» TASK REQUIREMENTS:
Would you set down the data that follows, word for word, without any pictures?

» STORED DATA:
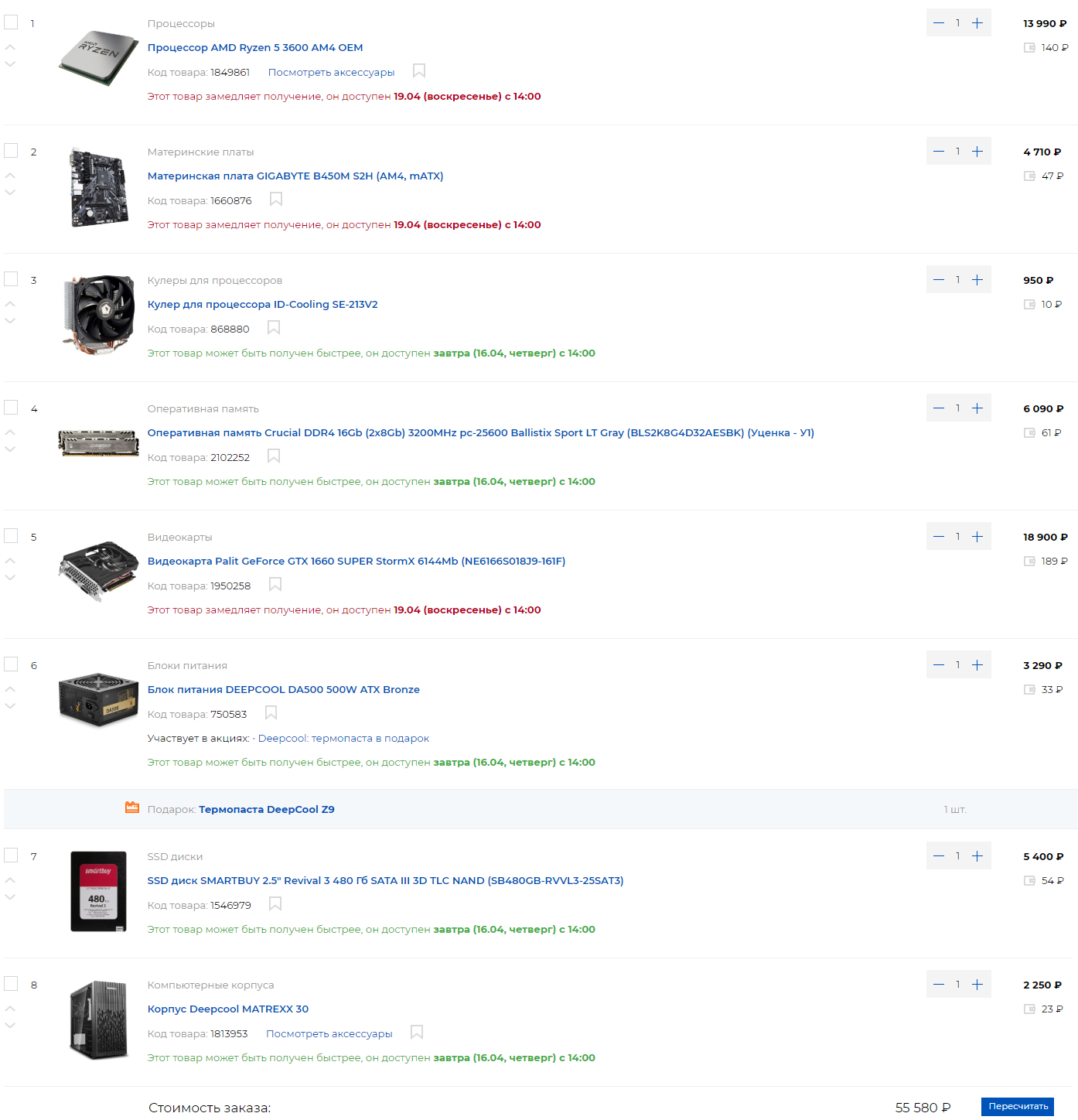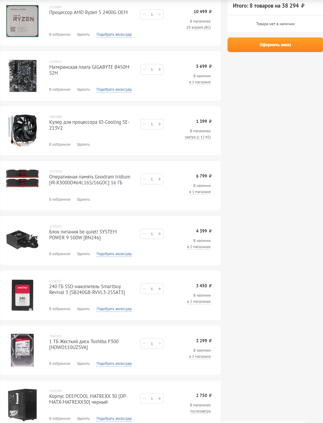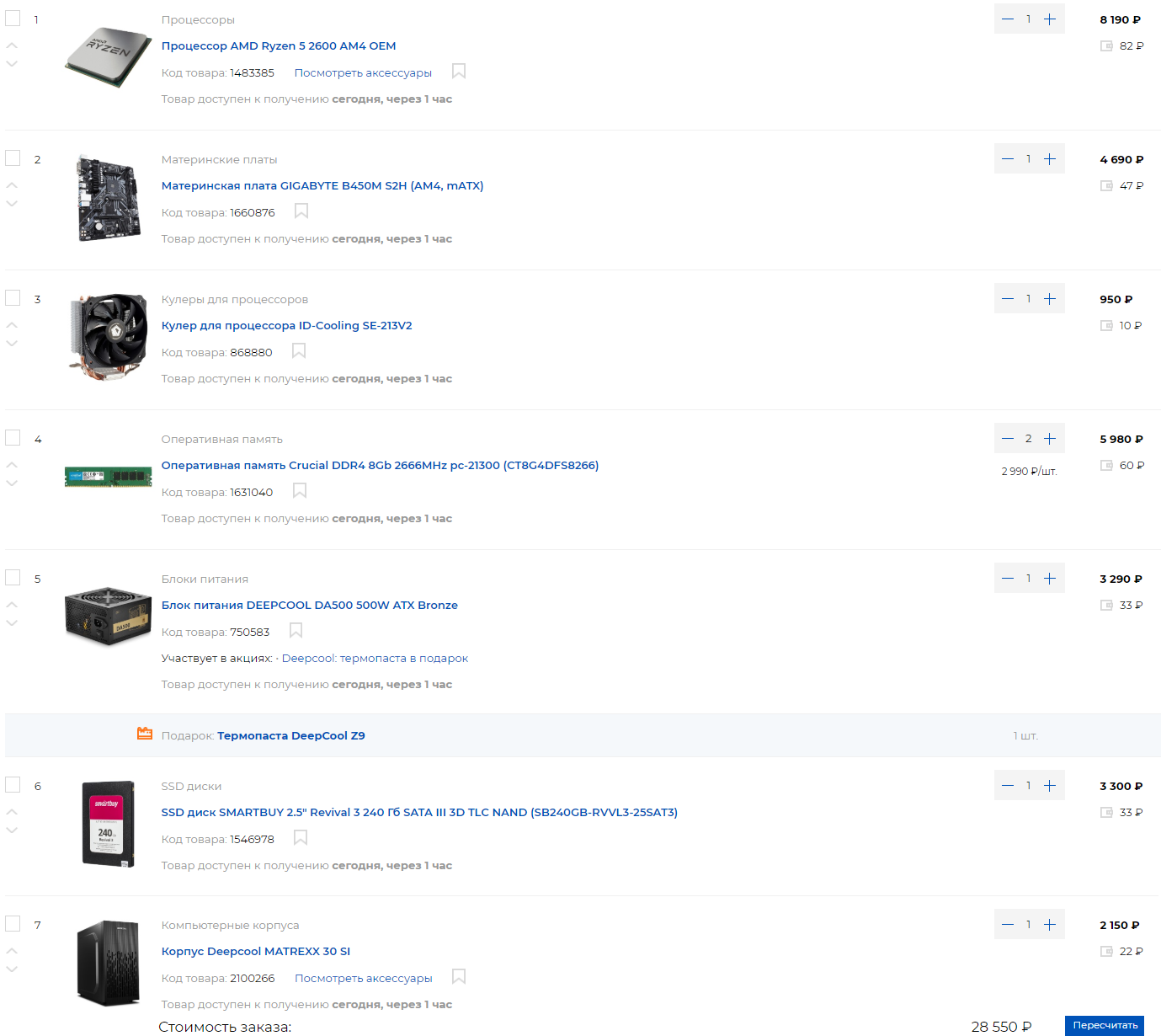 5110 руб. GIGABYTE B450M S2H (RTL) AM4 <B450> PCI-E Dsub+DVI+HDMI GbLAN SATA RAID MicroATX 2DDR4 7139 руб. CPU AMD Ryzen 3 2200G (YD2200C5) 3.5 GHz/4core/SVGA RADEON Vega 8/2+4Mb/65W Socket AM4 3021*2шт. = 6042 руб. Crucial <CT8G4DFS8266> DDR4 DIMM 8Gb <PC4-21300> CL19 5110 руб. Minitower INWIN EFS052U3 MicroATX 500W (24+2x4+6/8пин) 3487 руб. SSD 240 Gb SATA 6Gb/s Silicon Power Slim S55 <SP240GBSS3S55S25> 2.5" TLC 369 руб. ID-Cooling <ID-CPU-DK-01>(4пин,775/1155/AM2/AM4/FM2,14.2-28.8дБ,800-2500об/мин,Al)
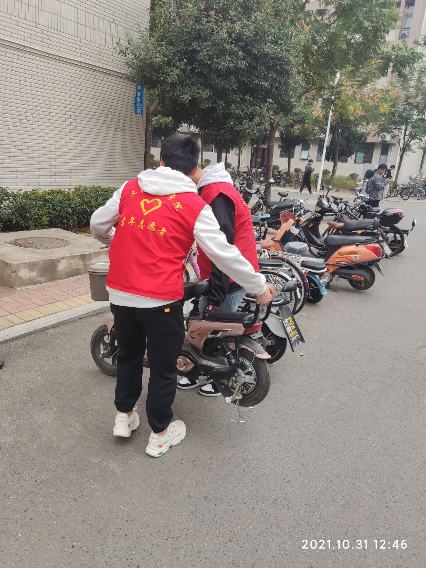 同学们积极响应,踊跃参加,兴高采烈的在“文明是快乐的源泉”宣传标语上写下自己的名字。本次活动分为8各小组,活动伊始,各负责人合理分配了各值班人员的值班地点及工作任务,活动过程中,值班人员正确引导同学们遵守校园交通规则,文明规范将车辆停放在台子上,并倡导同学们注意公共卫生,为创建校园文明贡献自己的一份力量。
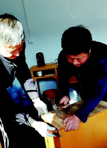 沂源县三岔中心学校老教师认真完成日常维修工作。

» TASK OUTPUT:
 5110 руб. GIGABYTE B450M S2H (RTL) AM4 <B450> PCI-E Dsub+DVI+HDMI GbLAN SATA RAID MicroATX 2DDR4 7139 руб. CPU AMD Ryzen 3 2200G (YD2200C5) 3.5 GHz/4core/SVGA RADEON Vega 8/2+4Mb/65W Socket AM4 3021*2шт. = 6042 руб. Crucial <CT8G4DFS8266> DDR4 DIMM 8Gb <PC4-21300> CL19 5110 руб. Minitower INWIN EFS052U3 MicroATX 500W (24+2x4+6/8пин) 3487 руб. SSD 240 Gb SATA 6Gb/s Silicon Power Slim S55 <SP240GBSS3S55S25> 2.5" TLC 369 руб. ID-Cooling <ID-CPU-DK-01>(4пин,775/1155/AM2/AM4/FM2,14.2-28.8дБ,800-2500об/мин,Al)
 同学们积极响应,踊跃参加,兴高采烈的在“文明是快乐的源泉”宣传标语上写下自己的名字。本次活动分为8各小组,活动伊始,各负责人合理分配了各值班人员的值班地点及工作任务,活动过程中,值班人员正确引导同学们遵守校园交通规则,文明规范将车辆停放在台子上,并倡导同学们注意公共卫生,为创建校园文明贡献自己的一份力量。
 沂源县三岔中心学校老教师认真完成日常维修工作。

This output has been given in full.